Earlier this year Public Citizen posted a leaked document from a past TPP meeting on their website revealing that the pact will give multinational corporations radical new political powers in global trade, including the allotment of vast legal powers to multinational corporations over governments.
Today, Amnesty International called on the participating countries, which currently include the U.S., Australia, Brunei Darussalam, Chile, Malaysia, New Zealand, Peru, Singapore, and Vietnam, to ensure that any new rules adhere to core principles of transparency and uphold human rights.
However, such hopes have not been secured in they eyes of many rights groups around the world. Critics fear that the agreements will broadly strip rights from ordinary citizens in favor of global financial players to an unprecedented degree.
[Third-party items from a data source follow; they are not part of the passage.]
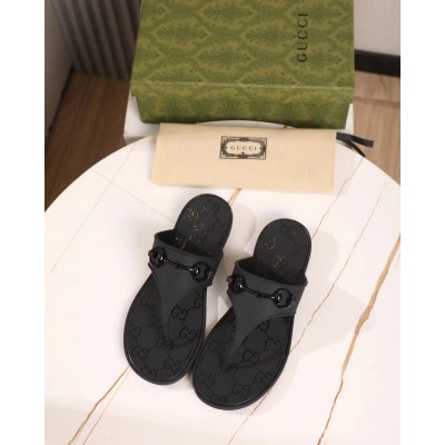Gucci Slides Black rubber slippers women's horseneck buckle toe sandals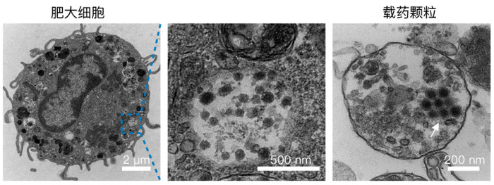 图为装载溶瘤病毒的肥大细胞透射电镜图片(左);细胞内部含有溶瘤病毒的颗粒的放大图(中);经脱颗粒释放到胞外的含有溶瘤病毒的颗粒透射电镜图(右)。(课题组供图)
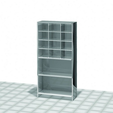 Верхняя секция шкафа оборудована удобными нишами-ячейками (12 штук), идеально подходящими для систематизированного хранения мелких инструментов, расходных материалов или медикаментов, требующих быстрого доступа. Нижняя секция предлагает два просторных отделения, что позволяет эффективно организовать хранение более крупного оборудования или запасов.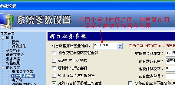 有些客户,是销售到凌晨两三点的,而且这两三销售的商品,其毛利,销售明细等都要算到前一天去,怎么操作?请看下图。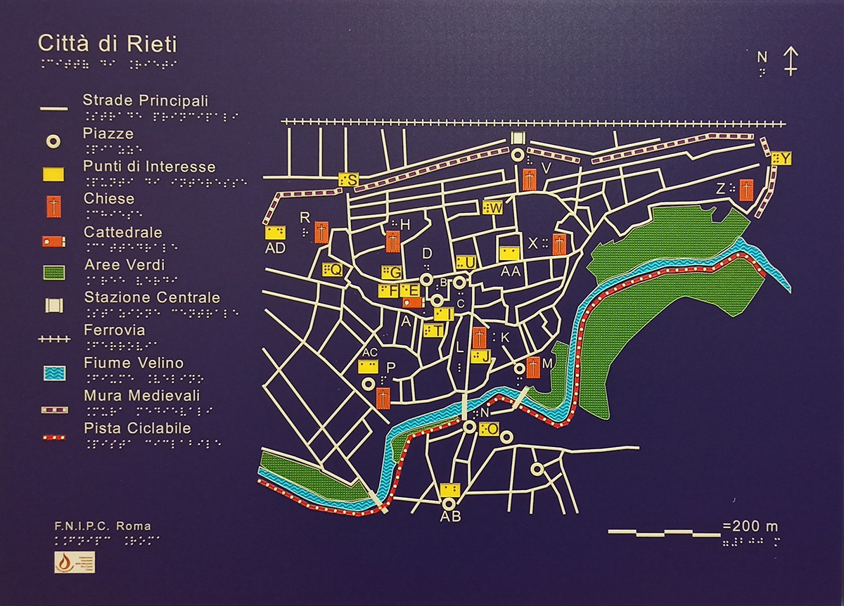 mappa tattile della città di Rieti con il posizionamento dei principali punti di interesse della cittàfig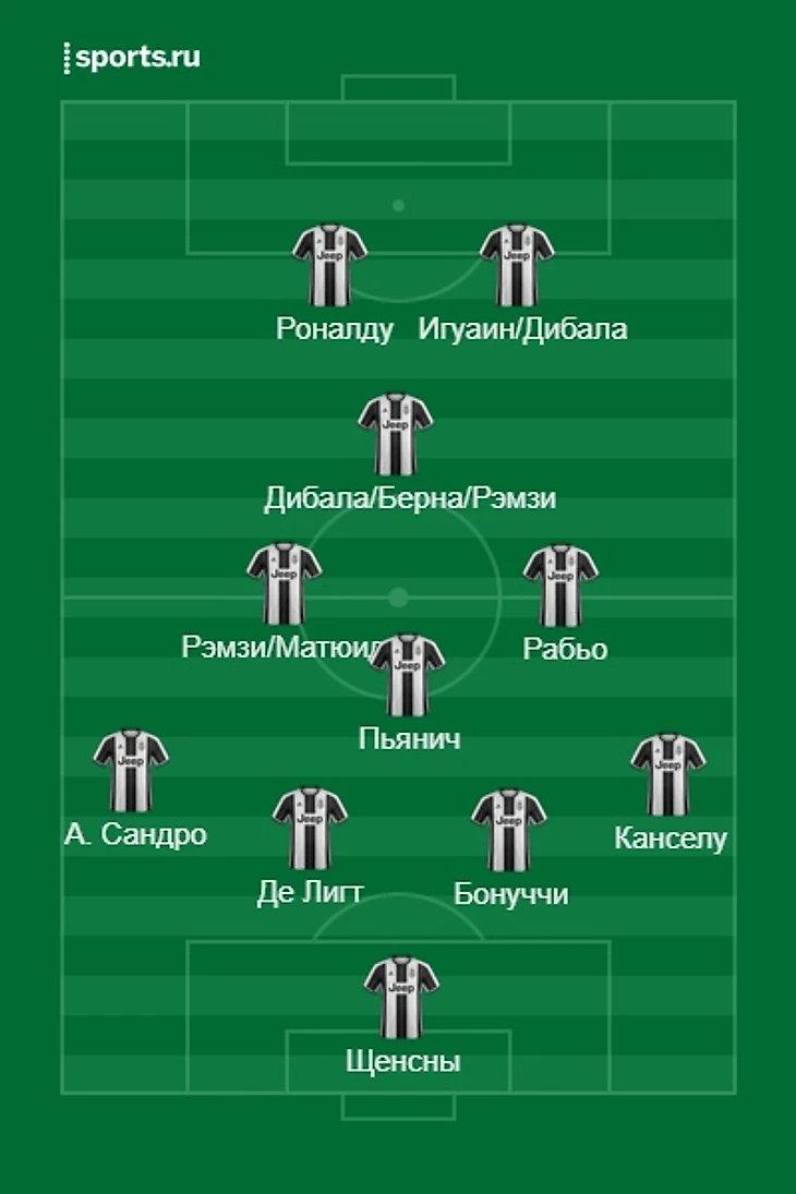 В самом начале мэтру придется решить проблему Криштиану. Роналду уже давно не отрабатывает в прессинге должным образом и, решая эту проблему, в Реале его частенько любили прятать на менее созидательного флангового защитника. Конечно, в матчах с более слабыми командами, которые сами отдадут мяч Юве, проблем с этим возникнуть не должно, но прессинг португальца, который очень часто любит просто выключаться из эпизода, принес Маурицио головную боль уже прямо сейчас. Другое решение проблемы Роналду, которое не просто напрашивается, оно абсолютно базисное и неоспоримо должно быть уже принято – перевод Криштиавну на место ЦН.

"The Trans-Pacific Partnership trade pact has the potential to affect nearly every aspect of our lives as Americans," said Allison Chin, President of the Sierra Club. "Alarmingly, however, is the opaque process in which the trade rules are being written. While hundreds of elite business executives have a hand in writing the rules that will affect American consumers, the public is largely left in the dark. This is a stealth affront to the principles of our democracy."
Additionally, leaked information suggests that the agreement could attempt to achieve some of the same objectives as the controversial and broadly protested Anti-Counterfeiting Agreement (ACTA) and includes rules that could hamper free speech on the Internet.
"No one has the right to trade away our hard-fought legal protections for free speech and the right to health, and much less to do it behind closed doors," said Suzanne Nossel, executive director for Amnesty International USA.
"It is time for TPP negotiators to show the public their cards and, more importantly, the draft text of the agreement."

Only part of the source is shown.